"That you, Paul—what can it be?" answers a voice in the darkness from some near-by cabin.

"I'll go and see."

I step out of bed and walk to the door at the end of the hut. In bare feet and thin pyjamas I look straight out to the east, but faintly lighter than the dark skies above in which the stars still shine undimmed. The night is very cold and silent. On the left of Dunkerque a few pale searchlights move slowly across the sky. I see a few flashes and then hear the sharp reports of the guns. It must be an air-raid.

I hurry into bed again and call out: "Can't see much! must be a raid!" and then begin to drop off to sleep, when again I hear the wail of the hooter, followed by the dull reverberating crash.

Sleep comes with difficulty. Again and again I become conscious of tumult in the real world beyond my dreams. Again and again I hear the distant thunders. When I next wake it is getting light, so I walk to the door of the hut. Outside I now can see the flat countryside, desolate in the greyness of early morning. To the left are the towers and chimneys of Dunkerque, and on the little road running past the aerodrome are a few rough carts, piled high with bundles and shawled women, leaving the town.
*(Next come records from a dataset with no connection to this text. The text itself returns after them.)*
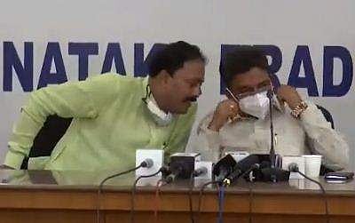 ഡികെ.ശിവകുമാറും അദ്ദേഹത്തിന്റെ സഹായികളും കൈക്കൂലി വാങ്ങുമെന്നും മദ്യപനാണെന്നും അടക്കംപറയുന്ന വീഡിയോ ആണ് പുറത്തായത്. പാര്ട്ടി മുന് എംപി വിഎസ് ഉഗ്രപ്പയും സലീമും തമ്മില് അടക്കം പറഞ്ഞതാണ് പുറത്തായത്. ഇരുവരും കഴിഞ്ഞ ദിവസം പത്രസമ്മേളനം വിളിച്ചിരുന്നു. പത്രസമ്മേളനം തുടങ്ങുന്നതിന് മുമ്പായിട്ടാണ് നേതാക്കള് പരസ്പരം ചെവിയില് പറഞ്ഞത്. എന്നാല് മാധ്യമങ്ങളുടെ മൈക്ക് ഓണായിരുന്ന കാര്യം ഇരുവരും അറിഞ്ഞില്ല.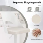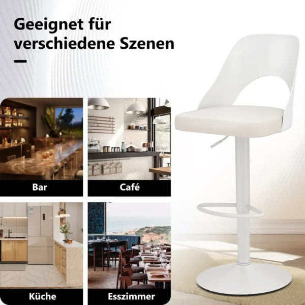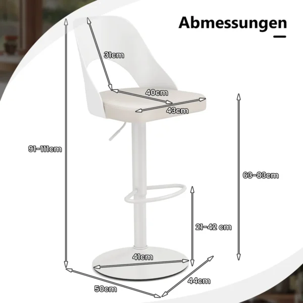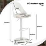 Rinkinys iš 2 baro kėdžių baltos spalvos, skirtas naudoti tiek namuose, tiek komercinėse erdvėse. Baro kėdės pasižymi reguliuojamu aukščiu, 360° sukimu ir patogia dirbtinės odos sėdyne. Tinkamos virtuvėms, barams ir kavinėms, kur reikalingas funkcionalus ir patvarus sėdėjimo sprendimas.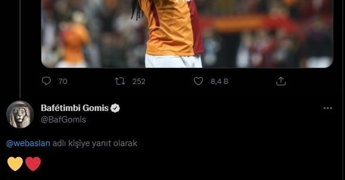 Galatasaray'ın yeniden transfer listesinde olan Bafetimbi Gomis, sosyal medyadan sarı kırmızılı taraftarları oldukça heyecanlandırdı. Sarı kırmızılıların devre arasında transfer gündemine gelen Gomis, sosyal medya hesabından, 'Seni çok özledik Bafetimbi Gomis' şeklindeki paylaşıma sarı ve kırmızı kalpler atarak cevap verdi.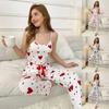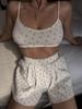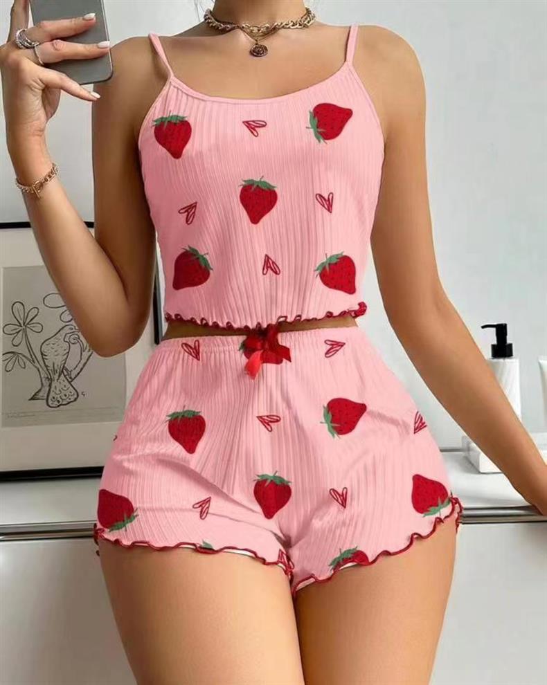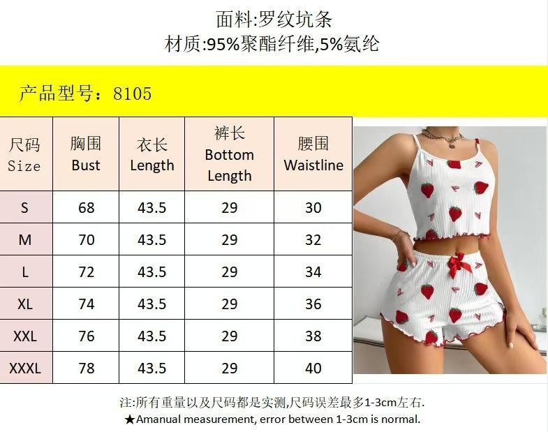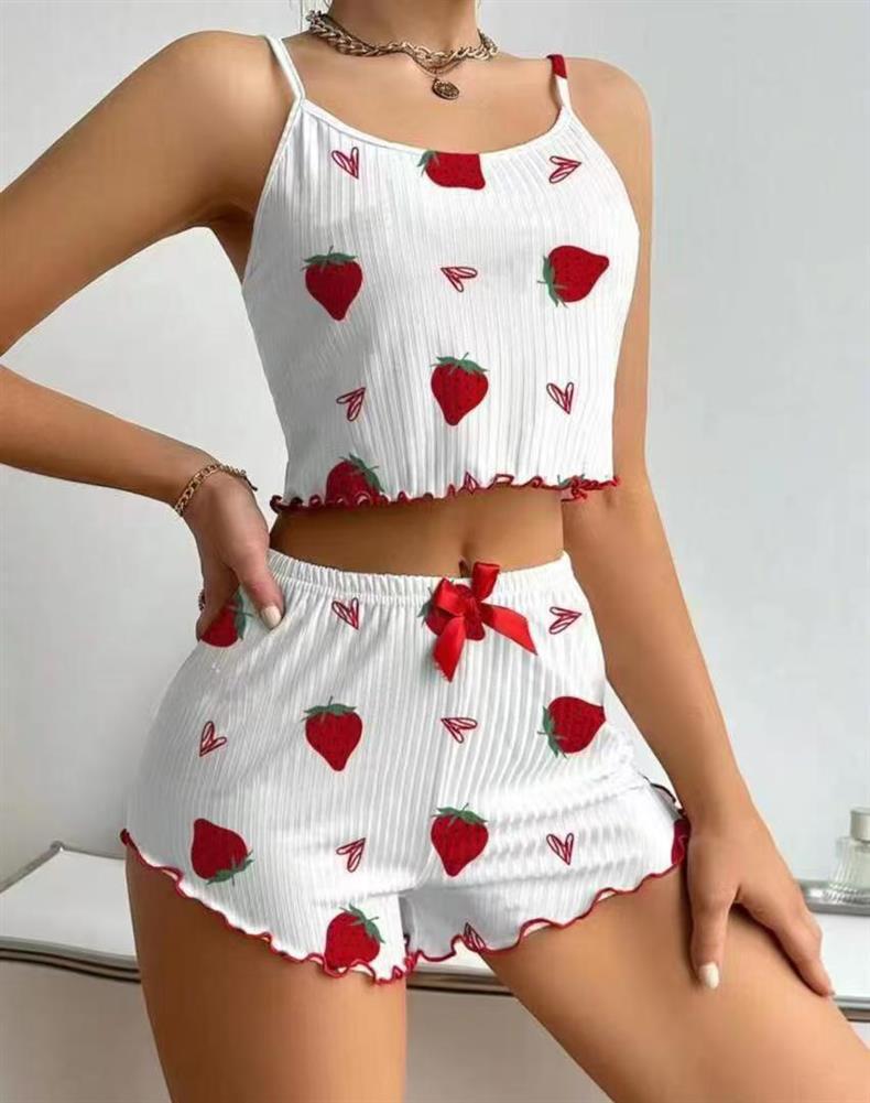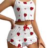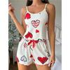 Pijamas Europeos y Americanos para Mujer Tejido de Canalé Estampado de Corazones Sexy Camisola Tank Top Shorts Ropa para el Hogar Conjunto de Dos Piezas Comercio Exterior Transfronterizo

Zoop-zoop wails the syren. Out leaps the sudden roar of an explosion, and suddenly I see towering high above the roofs a tall column of dust and smoke, from which little black fragments are dropping back in a shower.

"Bob! Bob!" I call out.

A sleepy "Hullo!" answers me behind my back.

"They're shelling Dunkerque! It must be a fifteen-inch gun!"

The pitiful column of refugees, of women taking their children and a few precious bundles of clothes, or articles of furniture, away to some place of safety, rapidly increases.